An exact copy is required of the lines running from the one that contains "Таблица перевода килограмма в фунты" to the end of the material, both ends included, with pictures omitted.

══ GIVEN MATERIAL ══

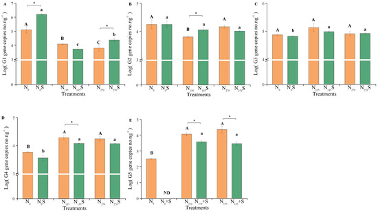 Quantification of AOA core clusters in different treatments. Uppercase and lowercase letters represent significant differences between fertilization treatments without and with straw, respectively (p < 0.05). “*” indicates significant differences between straw samples (p < 0.05). “ND” represents non-detection. G1, G2, G3, G4, and G5 represent different clusters within the AOA core clusters. (A) G1; (B) G2; (C) G3; (D) G4; (E) G5.
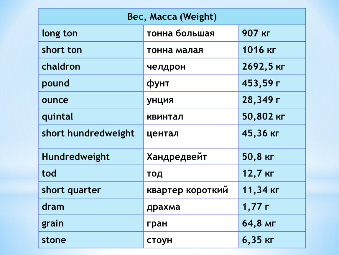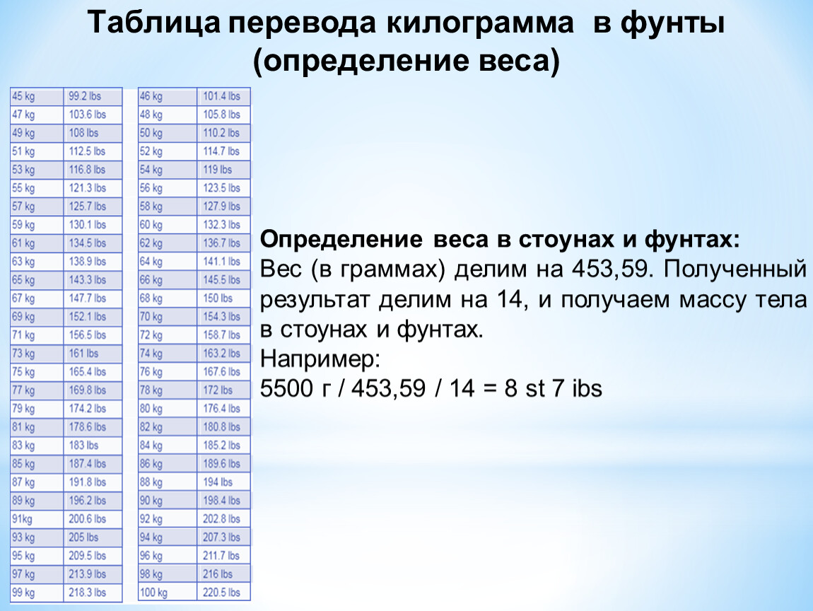 Таблица перевода килограмма в фунты
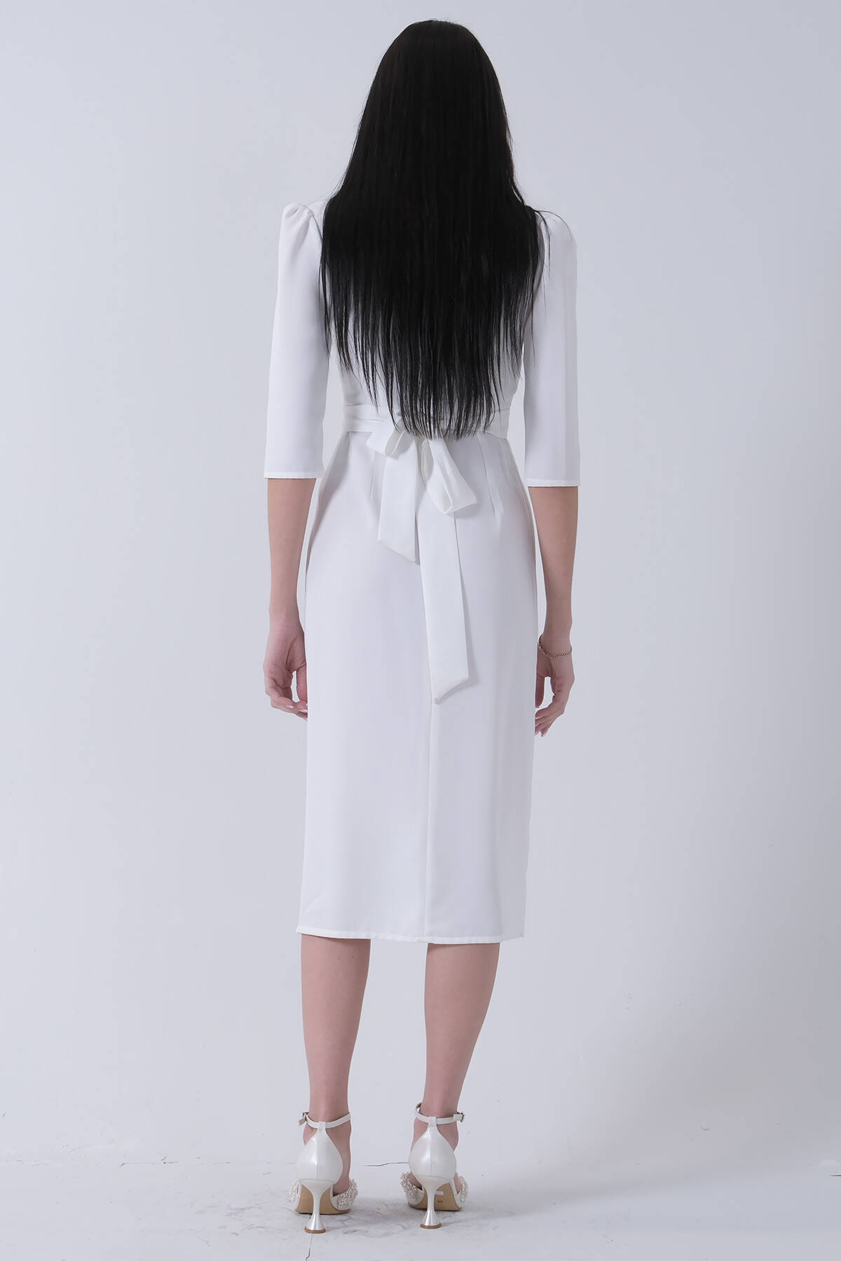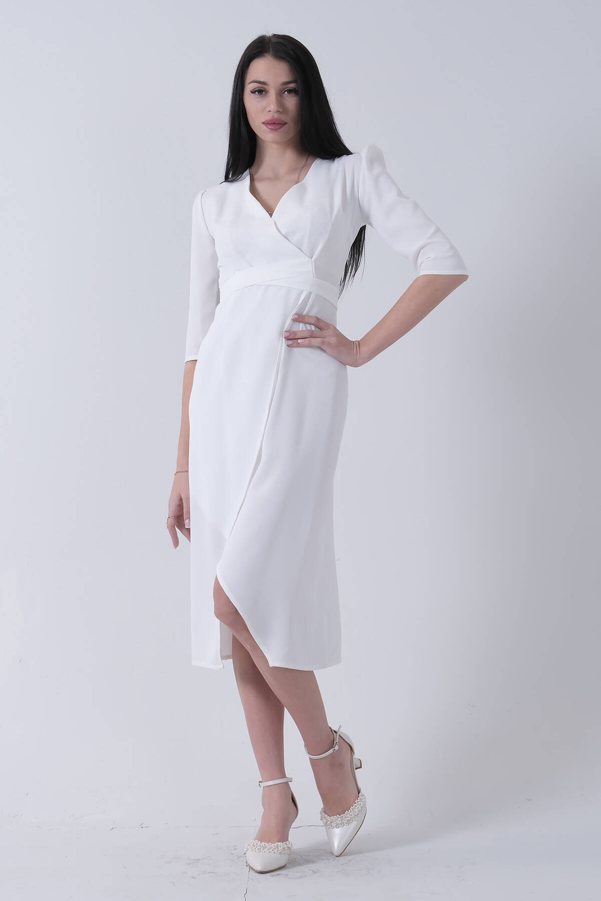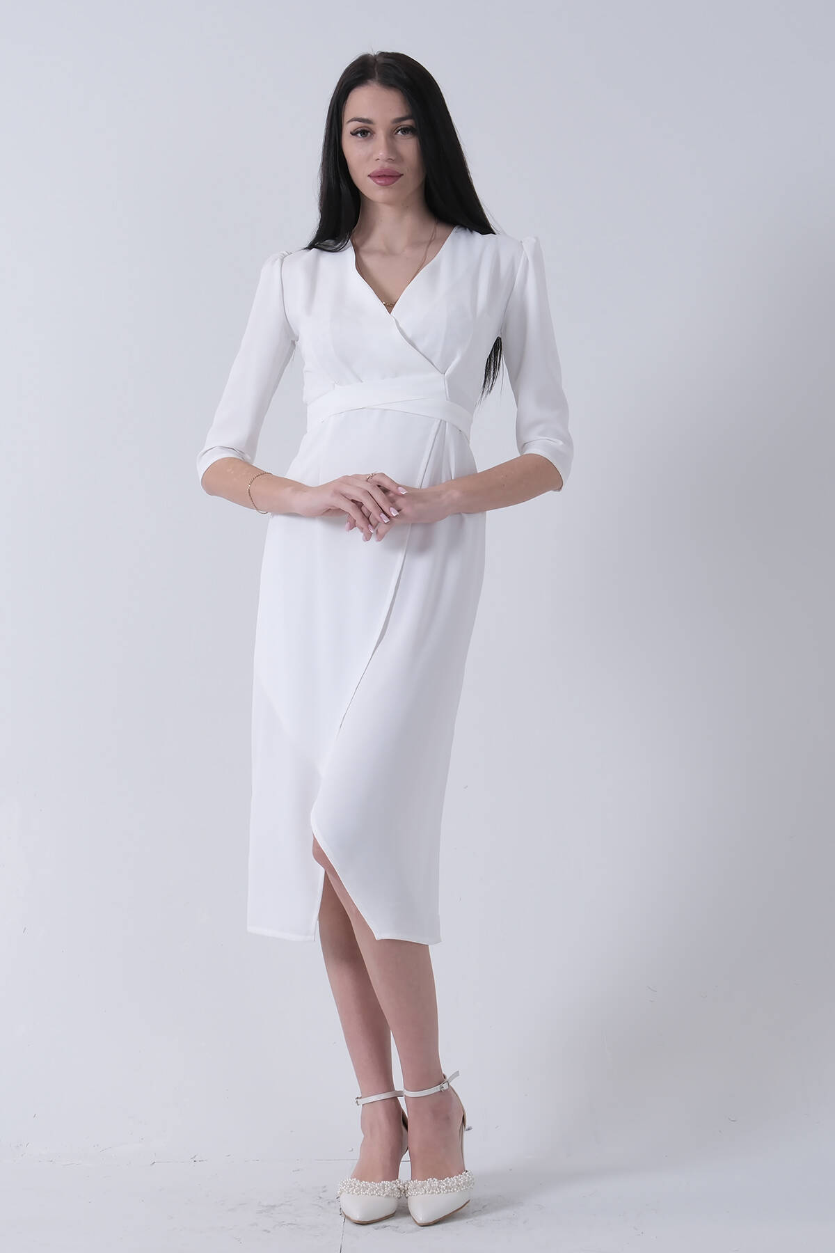 Ekru Kruvaze Yaka Midi Boy Krep Elbise 0104010.147

═══

RESPONSE >>
 Таблица перевода килограмма в фунты
 Ekru Kruvaze Yaka Midi Boy Krep Elbise 0104010.147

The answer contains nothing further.